— WHAT THE EXERCISE ASKS —
The whole listing is to be given again without alteration, except that its pictures are dropped.

— MATERIAL SUPPLIED —
+ + + + +
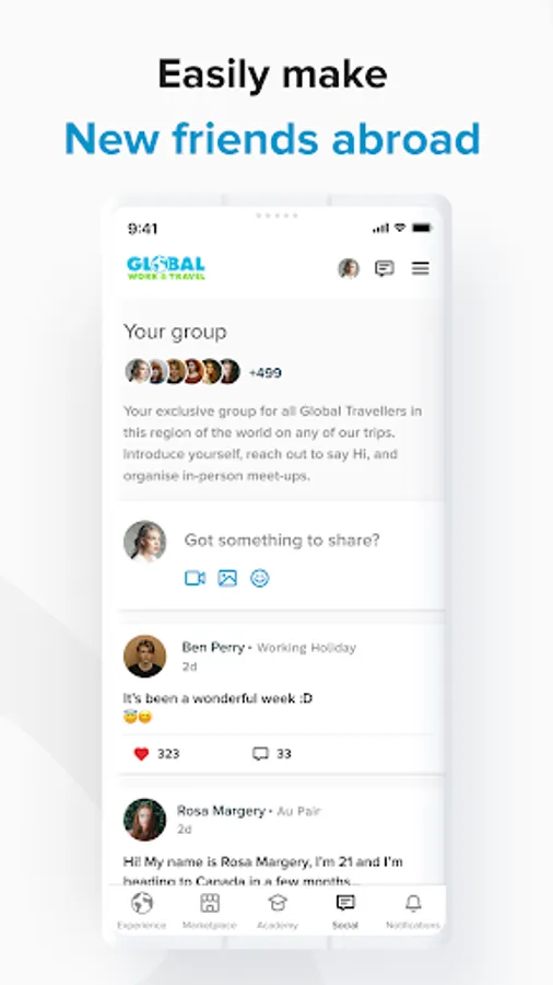 Once registered, our revolutionary gWorld platform allows you to meet your trip coordinators, manage your profile, build your resume/CV before you go, learn a new skill or language, access our exclusive Marketplace to save thousands from over 100 partner brands, and holds all your important docs from flight tickets to travel insurance policies.
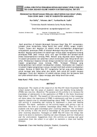 | Uncontrolled Keywords: | PHBS, Siswa, Penyuluhan |
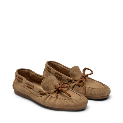 Lækre ruskinds loafers fra Pavement i en lys camel farve. De fine loafers har brune snørebånd, der også følger det øverste af skoen og giver den det trendy mokkasin look. Style de fine ruskinds mokkasiner til dine jeans eller lyse bukser. Perfekt til det spirende forår og ind i sommeren.
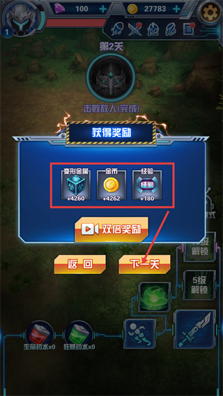 4、完成目标后弹出【获得奖励】界面,可获取【变形金属-+4260】等道具,选择【双倍奖励】或点击【下一天】推进关卡。
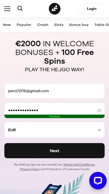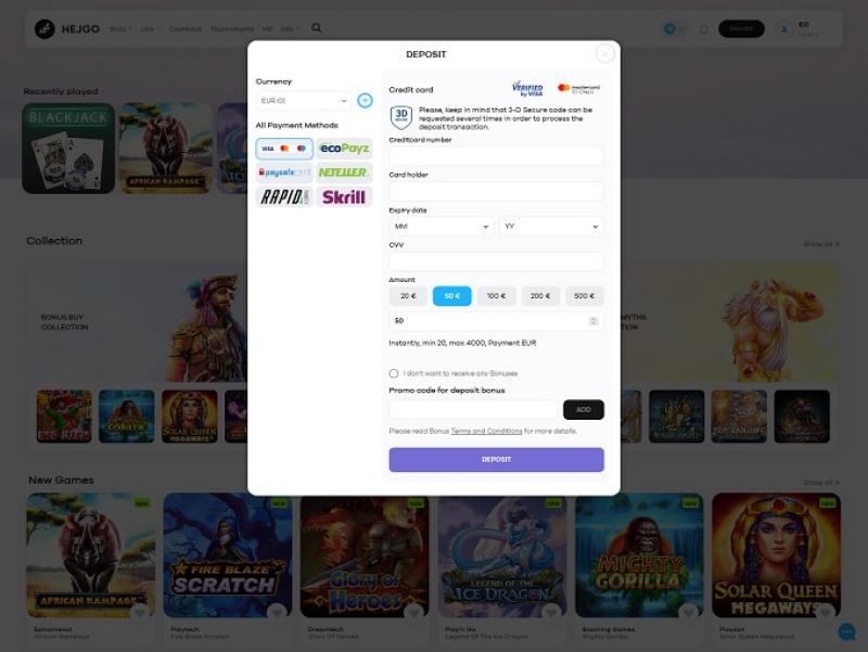 O processo de cadastro é rápido e fácil. As janelas pop-up guiam os novos usuários por todo o procedimento de inscrição. Parece que não levamos quase nenhum tempo para concluir o cadastro no Hejgo e, ao final desse procedimento simples, nos foi oferecido a opção de resgatar um código de bônus e fazer um depósito. Essa opção é muito útil para todos nós que estamos ansiosos para experimentar os jogos.
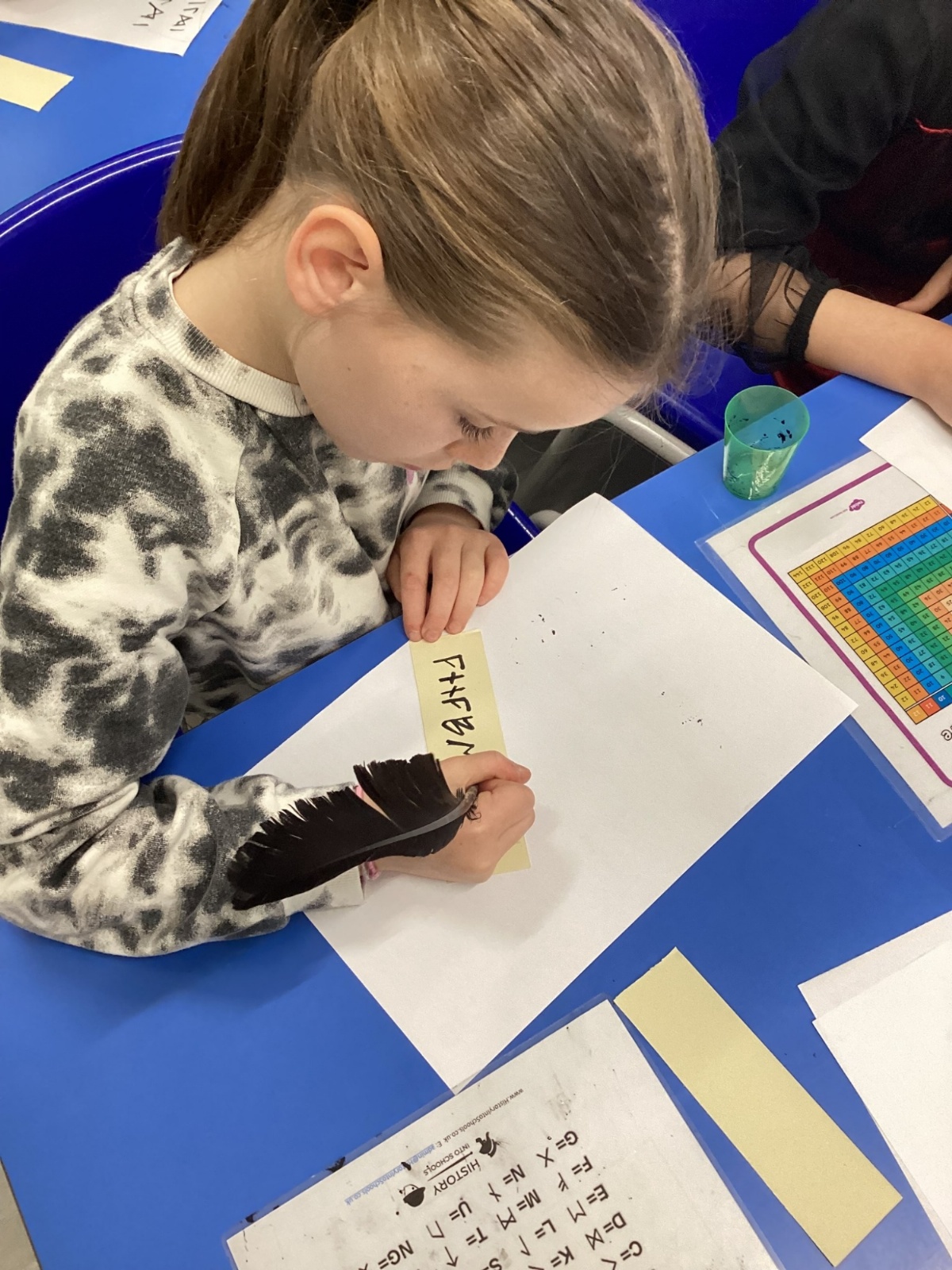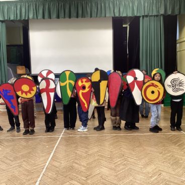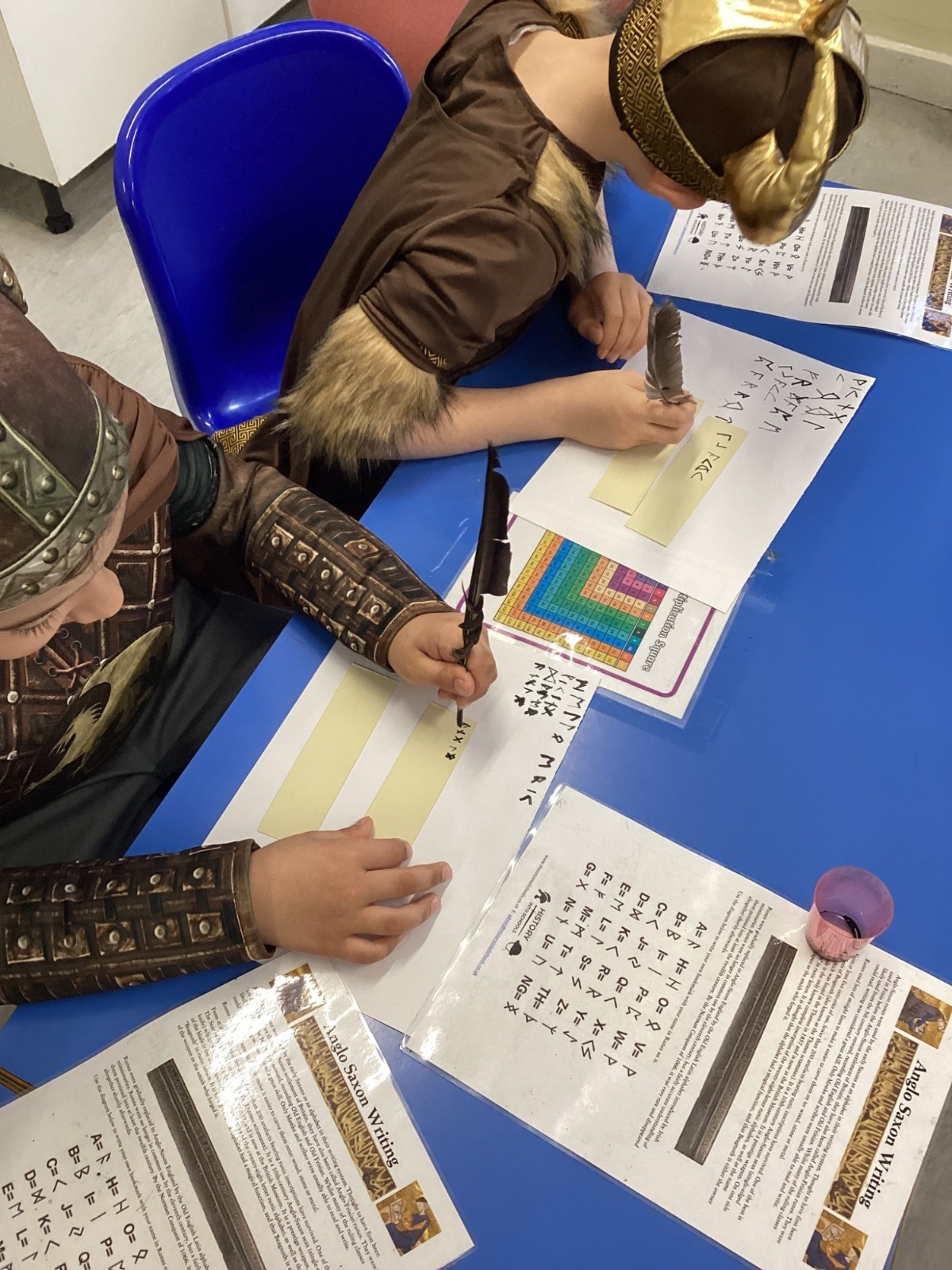 The children were able to hear all about the history of the era and get hands-on experience with artefacts, armour and weapons. They also had the opportunity to write their names in Anglo or Viking runes using a quill and ink and then had the opportunity to use shields and javelins in games.
+ + + + +
— EXPECTED OUTPUT —
 Once registered, our revolutionary gWorld platform allows you to meet your trip coordinators, manage your profile, build your resume/CV before you go, learn a new skill or language, access our exclusive Marketplace to save thousands from over 100 partner brands, and holds all your important docs from flight tickets to travel insurance policies.
 | Uncontrolled Keywords: | PHBS, Siswa, Penyuluhan |
 Lækre ruskinds loafers fra Pavement i en lys camel farve. De fine loafers har brune snørebånd, der også følger det øverste af skoen og giver den det trendy mokkasin look. Style de fine ruskinds mokkasiner til dine jeans eller lyse bukser. Perfekt til det spirende forår og ind i sommeren.
 4、完成目标后弹出【获得奖励】界面,可获取【变形金属-+4260】等道具,选择【双倍奖励】或点击【下一天】推进关卡。
 O processo de cadastro é rápido e fácil. As janelas pop-up guiam os novos usuários por todo o procedimento de inscrição. Parece que não levamos quase nenhum tempo para concluir o cadastro no Hejgo e, ao final desse procedimento simples, nos foi oferecido a opção de resgatar um código de bônus e fazer um depósito. Essa opção é muito útil para todos nós que estamos ansiosos para experimentar os jogos.
 The children were able to hear all about the history of the era and get hands-on experience with artefacts, armour and weapons. They also had the opportunity to write their names in Anglo or Viking runes using a quill and ink and then had the opportunity to use shields and javelins in games.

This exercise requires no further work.